# Folding scissors



## WeekendSurvivalist (Mar 14, 2013)

Thinking about adding this to my first aid kit . My grandma gave them to me so I'm not familiar with the price but I wa wondering if any other preppers have any experience with these.

Sent from my iPhone using Survival Forum


----------



## Grimm (Sep 5, 2012)

WeekendSurvivalist said:


> View attachment 8002
> 
> View attachment 8003
> 
> ...


There are lots of brands and types of these on the market for all prices from the 5 for a dime to $10+ a pair.

I have had a few pairs in various sewing kits. The ones I had didn't hold up to hard use but if they are only for emergencies you should be fine.

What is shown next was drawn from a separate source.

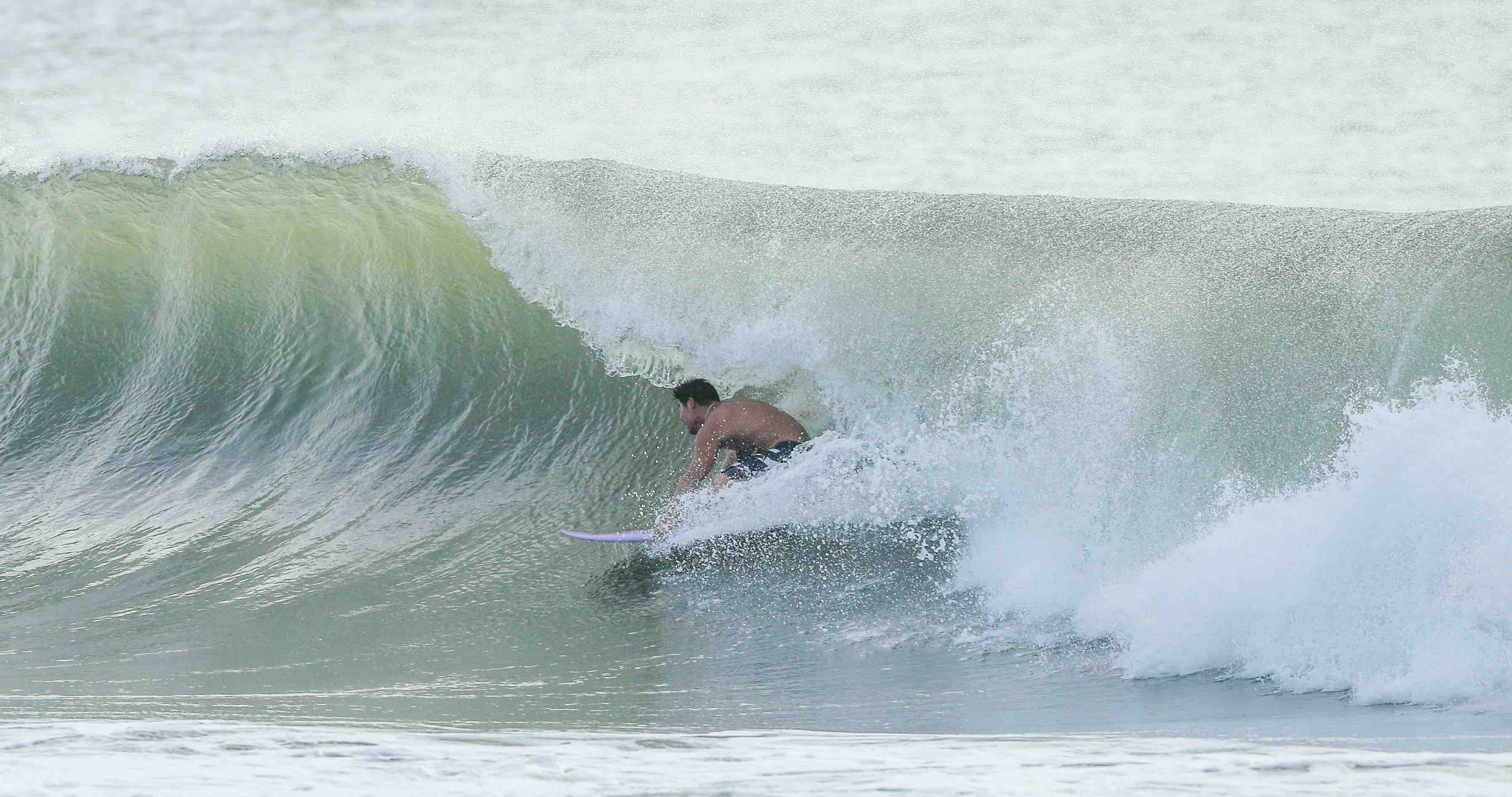 記録的な豪雨により千葉の各地に災害をもたらした台風10号の通過と、間髪入れずに接近中の台風9号による影響で頭前後でオフショアのチューブありなグッドコンディションに恵まれた8/9(月)の千葉エリア。

Personally I'd get a nice pair of stainless steel embroidery scissors if they are for a compact kit or a nice set of first aid shears with a safety tip. Gingher are expensive but worth the money IMO.


----------



## WeekendSurvivalist (Mar 14, 2013)

Grimm said:


> There are lots of brands and types of these on the market for all prices from the 5 for a dime to $10+ a pair.
> 
> I have had a few pairs in various sewing kits. The ones I had didn't hold up to hard use but if they are only for emergencies you should be fine.
> 
> Personally I'd get a nice pair of stainless steel embroidery scissors if they are for a compact kit or a nice set of first aid shears with a safety tip. Gingher are expensive but worth the money IMO.

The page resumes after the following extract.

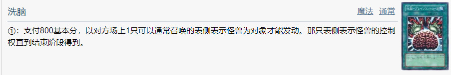 ①:支付800基本分,以对方场上1只可以通常召唤的表侧表示怪兽为对象才能发动。那只表侧表示怪兽的控制权直到结束阶段得到。
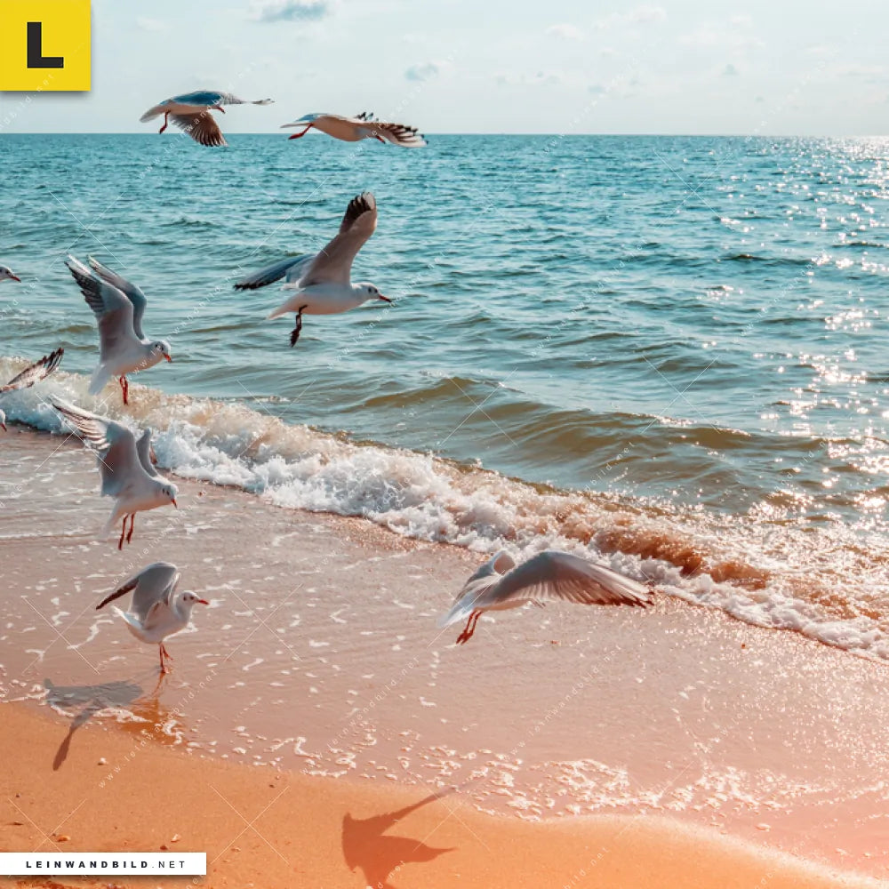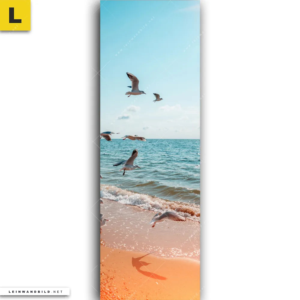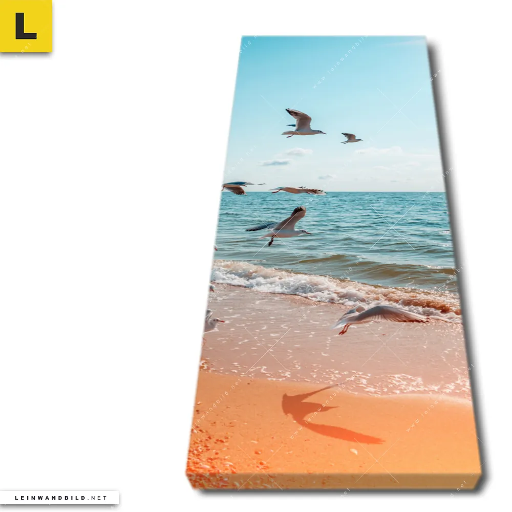 Du konfigurierst Dein individuelles Leinwandbild | Möwen am Strand | Schmal und wir produzieren es NEU für Dich. Unsere Landschaften, Strand - Meer Leinwände sind KEINE Lagerware. Du bist Dir unsicher, welches Motiv oder Format das richtige für dein individuelles Keilrahmenbild ist, dann helfen wir dir gerne weiter und beraten dich!

They don't seem like they would last long as you said but for an emergency it would be great to have . Once I get a more steady income I'll be able to get more quality equipment . Thanks for your input !

Sent from my iPhone using Survival Forum


----------



## Padre (Oct 7, 2011)

WeekendSurvivalist said:


> View attachment 8002
> 
> View attachment 8003
> 
> ...


Depends what sort of first aid you are talking about, cuts, bruises, and insect bites...might be ok, but I seem to remember from my youth that these scissors were fun to play with, looked night, but...sucked!

If you are cutting a pant leg or a heavy duty bandage those scissors wouldn't do much.

I would invest in a decent pair of surgical shears.

Sent from my XT1080 using Survival Forum mobile app


----------